Em maio de 2025, Amira iniciou uma das jornadas mais perigosas possíveis: uma fuga de zona de guerra no Sudão, grávida de sete meses. Sua cidade, En Nahud, no Estado de Kordofan Ocidental, havia caído nas mãos das Forças de Apoio Rápido (RSF), um grupo paramilitar em conflito com o Exército sudanês.
A decisão arriscada de partir
A fuga de zona de guerra se tornou a única opção viável para Amira. Hospitais e farmácias haviam fechado, e os meios de transporte escasseavam. Além disso, o avanço das milícias aumentava o risco para civis, especialmente para quem, como ela, pertencia a grupos étnicos alvo de perseguição.
Portanto, mesmo com o risco imenso, ela embarcou em um caminhão superlotado com cerca de 80 pessoas. No entanto, o perigo começou logo no início da viagem.
Confrontos e ameaças no trajeto
Segundo relatos de Amira, o motorista do caminhão, ligado à RSF, sacou uma arma ao se envolver em uma briga por assentos. A tensão era tanta que passageiros e familiares do jovem ameaçado imploravam para que ele não atirasse. Felizmente, a situação se acalmou, mas o jovem foi deixado para trás.
Além disso, os veículos que transportavam os refugiados frequentemente quebravam. As estradas estavam em condições precárias, e a falta de combustível e água agravava ainda mais o cenário de desespero.
A pressão étnica e os abusos sistemáticos
Ao longo da rota, Amira testemunhou e sofreu os efeitos da perseguição étnica. Seu marido, embora funcionário público e sem envolvimento com a RSF, pertencia a um grupo considerado inimigo pelos combatentes. Isso bastava para colocá-lo em risco.
Portanto, a família evitou parar por muito tempo em cidades como el-Fula, onde o Exército sudanês atacava civis com base em suspeitas de colaboração com a RSF. A ONU já confirmou relatos de execuções extrajudiciais e perseguições sistemáticas.

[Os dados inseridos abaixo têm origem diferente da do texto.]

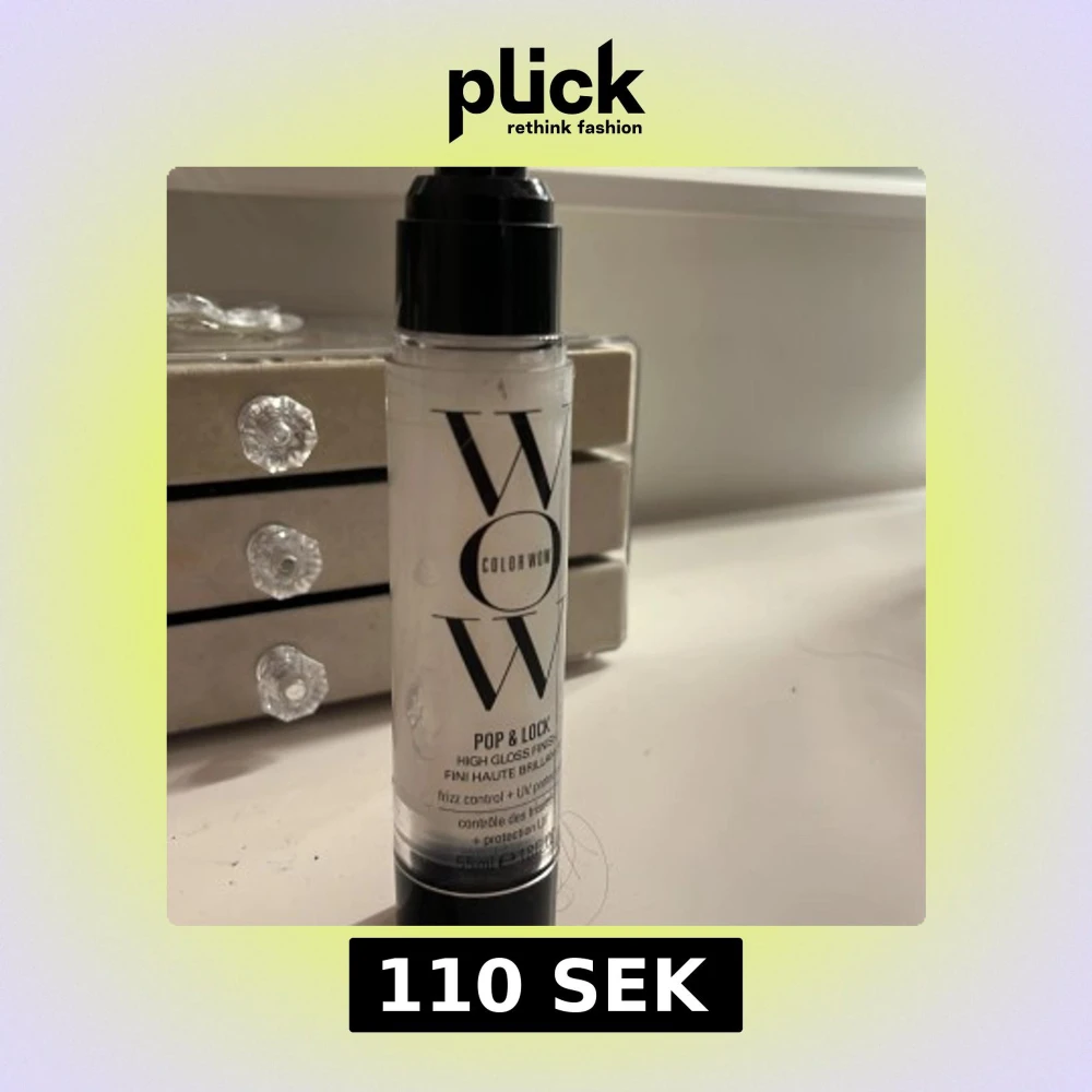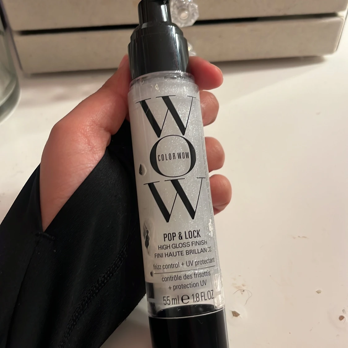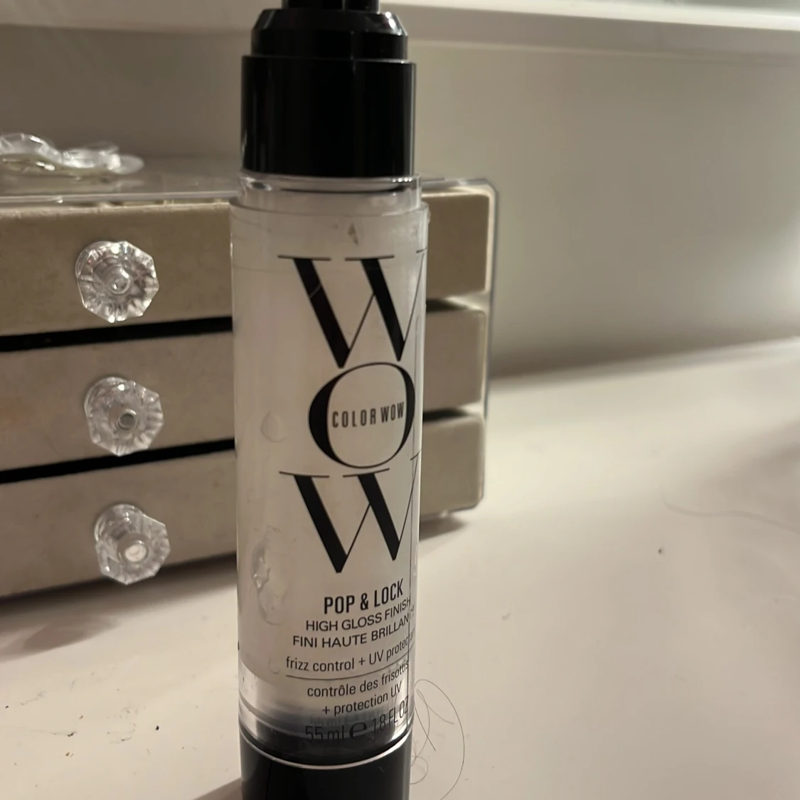 Color Wow Pop & Lock High Gloss Finish är en transparent glansprodukt i pumpflaska på 55 ml. Den ger hög glans, UV-skydd och hjälper till att kontrollera friss. Flaskan är genomskinlig med svart pump och lock, och har en modern design med tydlig logga.
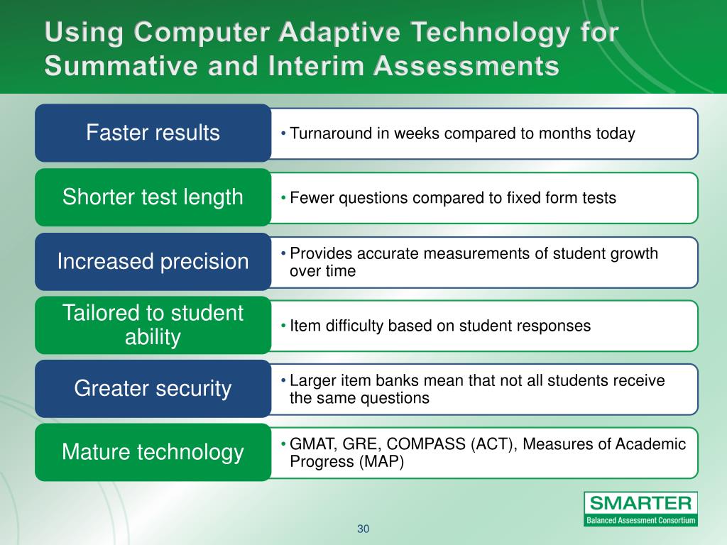 Faster results • Turnaround in weeks compared to months today Using Computer Adaptive Technology for Summative and Interim Assessments Shorter test length • Fewer questions compared to fixed form tests Increased precision • Provides accurate measurements of student growth over time Tailored to student ability • Item difficulty based on student responses Greater security • Larger item banks mean that not all students receive the same questions Mature technology • GMAT, GRE, COMPASS (ACT), Measures of Academic Progress (MAP)

Controles ilegais e extorsões em massa
Durante a fuga de zona de guerra, os viajantes enfrentaram postos de controle onde eram obrigados a pagar taxas irregulares. Os próprios motoristas, muitos armados e ligados à RSF, decidiam os preços de forma arbitrária. Além disso, mesmo com escoltas pagas, novas cobranças eram exigidas.
A comida era escassa e cara. A água, racionada. Em certos momentos, os refugiados chegavam a beber de poças. Em um trecho da viagem, um pneu estourou em uma floresta de acácias, e os passageiros ficaram presos por horas. Amira confessou: “Juro por Deus que achei que morreria ali”.
O uso controlado da internet e a constante vigilância
Até mesmo o acesso à internet, por meio de um dispositivo Starlink controlado pela RSF, era perigoso. Qualquer menção ao Exército ou visualização de conteúdo considerado inadequado poderia resultar em prisão imediata.
Apesar disso, Amira conseguiu manter contato com o mundo exterior e documentou boa parte da viagem em um diário de áudio, compartilhado posteriormente com a organização Avaaz.
O fim da jornada e o novo recomeço
Após dias exaustivos, inundações, veículos atolados e inúmeras trocas de transporte, Amira e seu marido chegaram a Juba, capital do Sudão do Sul. De lá, seguiram para Kampala, em Uganda, onde aguardam o nascimento do bebê.
Em segurança, a jovem enfrenta agora uma nova ansiedade: dar à luz longe da família. “Tenho muito medo. É meu primeiro bebê, e não terei minha mãe comigo”, revelou.
Um futuro incerto
Apesar de ativista dos direitos humanos e pró-democracia, Amira não vê futuro no Sudão nos próximos anos. Ela afirma: “Espero que a situação melhore. Mas nada será como antes”.
A fuga de zona de guerra de Amira é um testemunho vívido do sofrimento civil em um dos conflitos mais silenciados do mundo. Sua história é um alerta sobre os riscos enfrentados por mulheres, crianças e civis em geral em zonas de combate.